### [YOUR GOAL]
Your output should be the lines below from the one holding "国語科目のフラットなアイコンセット" through the one holding "一隊肩扛大包的民工慶幸抵達了", transcribed exactly, with no pictures.

### [INPUT FOR THIS TASK]
|---|

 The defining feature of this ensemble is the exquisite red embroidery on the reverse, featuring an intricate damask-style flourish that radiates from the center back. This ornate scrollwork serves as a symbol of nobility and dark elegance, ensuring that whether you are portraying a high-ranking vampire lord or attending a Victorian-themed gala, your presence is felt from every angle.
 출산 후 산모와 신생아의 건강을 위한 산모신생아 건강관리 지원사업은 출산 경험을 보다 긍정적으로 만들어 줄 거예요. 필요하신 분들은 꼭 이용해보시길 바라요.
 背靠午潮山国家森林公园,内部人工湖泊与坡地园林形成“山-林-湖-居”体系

|---|

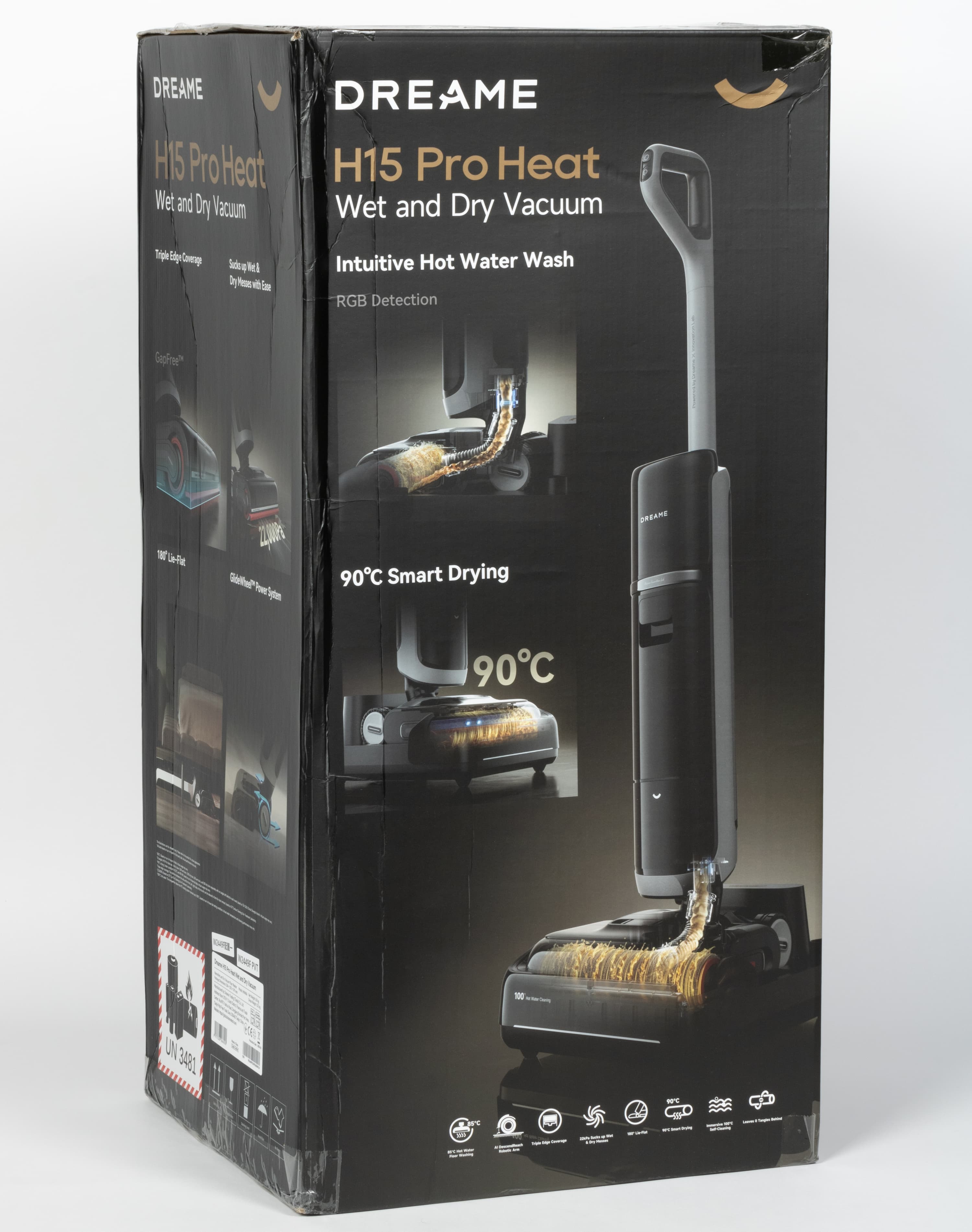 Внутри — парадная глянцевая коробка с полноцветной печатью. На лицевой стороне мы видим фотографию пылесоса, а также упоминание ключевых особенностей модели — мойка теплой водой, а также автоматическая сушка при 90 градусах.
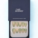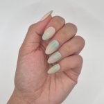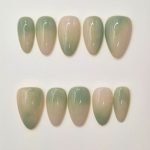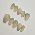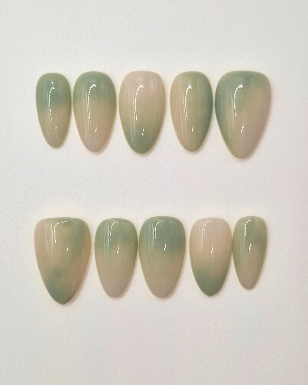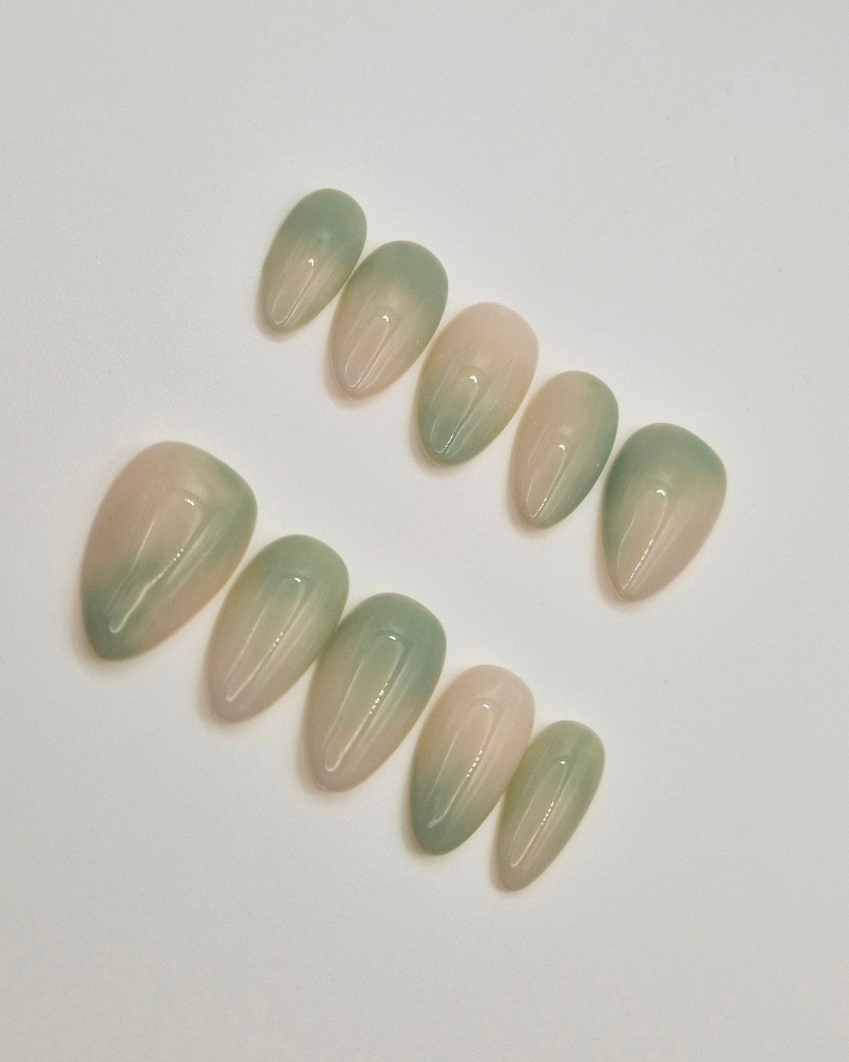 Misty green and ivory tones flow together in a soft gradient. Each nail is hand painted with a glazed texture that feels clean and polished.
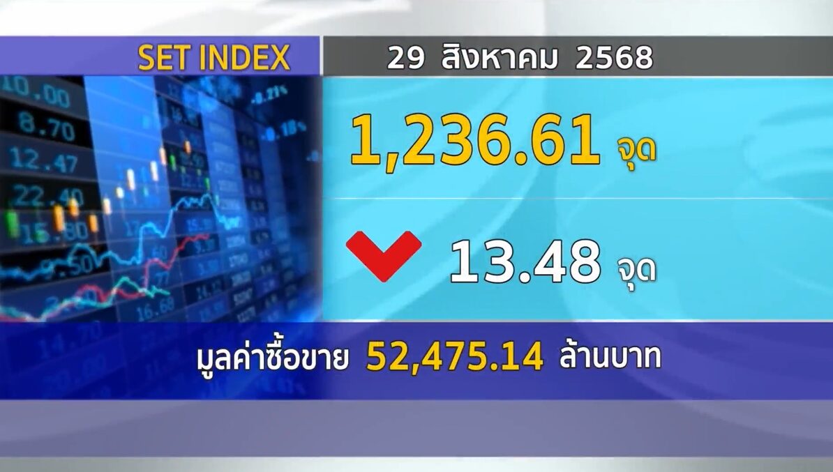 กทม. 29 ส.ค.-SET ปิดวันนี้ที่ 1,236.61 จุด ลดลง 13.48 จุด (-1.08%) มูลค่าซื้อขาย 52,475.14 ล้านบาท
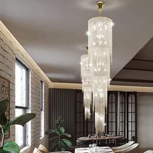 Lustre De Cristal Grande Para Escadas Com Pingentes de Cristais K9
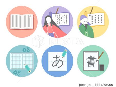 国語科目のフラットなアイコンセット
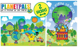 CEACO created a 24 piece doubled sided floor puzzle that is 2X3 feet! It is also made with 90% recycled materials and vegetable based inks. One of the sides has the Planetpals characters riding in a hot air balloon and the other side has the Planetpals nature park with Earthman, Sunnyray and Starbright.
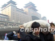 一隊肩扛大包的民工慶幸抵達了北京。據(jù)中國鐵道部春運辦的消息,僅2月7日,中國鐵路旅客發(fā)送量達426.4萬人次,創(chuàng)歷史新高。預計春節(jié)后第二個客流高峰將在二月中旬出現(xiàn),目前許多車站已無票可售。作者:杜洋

|---|

### [OUTPUT OF THE TASK]
 国語科目のフラットなアイコンセット
 CEACO created a 24 piece doubled sided floor puzzle that is 2X3 feet! It is also made with 90% recycled materials and vegetable based inks. One of the sides has the Planetpals characters riding in a hot air balloon and the other side has the Planetpals nature park with Earthman, Sunnyray and Starbright.
 一隊肩扛大包的民工慶幸抵達了北京。據(jù)中國鐵道部春運辦的消息,僅2月7日,中國鐵路旅客發(fā)送量達426.4萬人次,創(chuàng)歷史新高。預計春節(jié)后第二個客流高峰將在二月中旬出現(xiàn),目前許多車站已無票可售。作者:杜洋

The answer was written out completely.